我应该知道你在哪里的。一直都知道。

    “温凉……”

    ……

    …………

    ………………

    光线好亮……

    咦?我不是应该……

    夏音吃力的睁开眼睛,眼睛还不能适应外界明亮的光线,一切都好像是笼罩在朦胧的白光之中一样。

    “欢迎回来,夏音。”

    有谁贴着自己的额前,温柔的对自己说着。

    “温、温凉……”长时间不说话的嗓子非常的干涩。声音沙哑的连她自己都被吓了一跳。

    “她在giotto那里。”青年轻柔的说着,“他们……终于可以在一起了。”

    跨越了百年的时光,这两个人终于可以好好的在一起了。

    96、百年之后,再相逢

    ……好暖。

    似乎还能闻到那个熟悉的味道。温暖的,好像秋季午后,和煦的阳光一样的味道。

    真好,在消失之前还能感到那份让她怀念的温暖。

    自己这个早该在百年前就死掉的人,总算是可以去那边了——giotto和莉丝,大概都已经等的不耐烦了吧?

    容貌秀美的少女平静的躺在温和的白光之中,神色平静而安详。一点没有面临死亡的恐惧。

    碎金色短发青年就伴在她的身旁,骨节分明的大手轻轻的抚上她弧度柔和的脸颊,一下又一下。

    温凉被脸上传来的触感惊的睁开了双眼,却在看到对方时再也说不出一句话来,柔软的嘴唇张张合合半天,最后被青年轻轻的含住,细细的舔舐吮吸。

    “欢迎回来,温凉。”

    终于放开女子的双唇,giotto的额头抵在她的额头上,低声的说着。

    “这次,谁也不能再分开我们了。”

    透明的液体突兀的涌出温凉的眼眶,顺着脸颊滑落。

    那个人就在眼前,如此真实。

    “……我回来了。giotto,我回来了……”

    颤抖着说完,温凉猛的扑到男子怀里,死死的抓住他的衣领。眼泪一滴又一滴的滚落,消失在他深色的西装上。

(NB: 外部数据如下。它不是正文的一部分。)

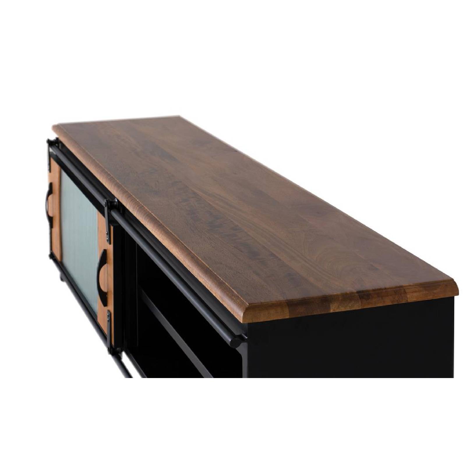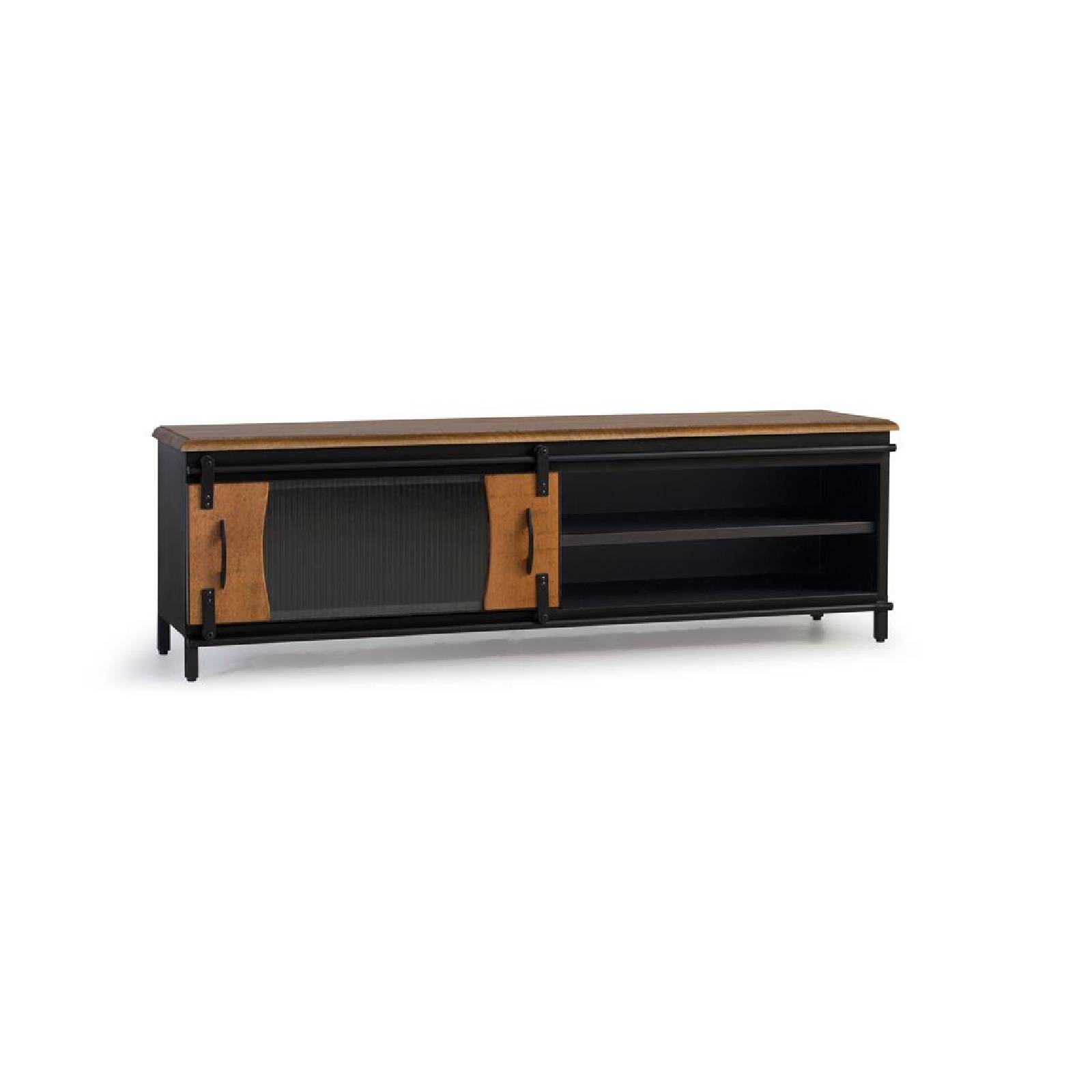 MEUBLE TV DE STYLE INDUSTRIEL AVEC 1 PORTE COULISSANTE ET EN BOIS DE MANGUIER ET MÉTAL.

    giotto抬手揽住她,轻轻的拍抚她的后背,无声的安慰着在怀里失声痛哭的妻子。

    哭一下也好,她的眼泪已经忍了太久了。从还活着的时候,一直到现在。她有太多的委屈不曾宣泄。

    也不知过了多久,她才稍稍止住了泪意。只是抱着自己久别的丈夫,也不说话。

    “等等去见见他们吧?大家都在等你——等你很久很久了。”

    “恩。”

    “你走之后,大家都很难过,让他们见见也好放心。”

    “恩。”

    温凉靠在giotto的怀里,轻声的应着。

    一声又一声。

    自那次死别之后,两人都经历了太多太多的事情。只是这样单调的事情,对两人来说就已经非常幸福了。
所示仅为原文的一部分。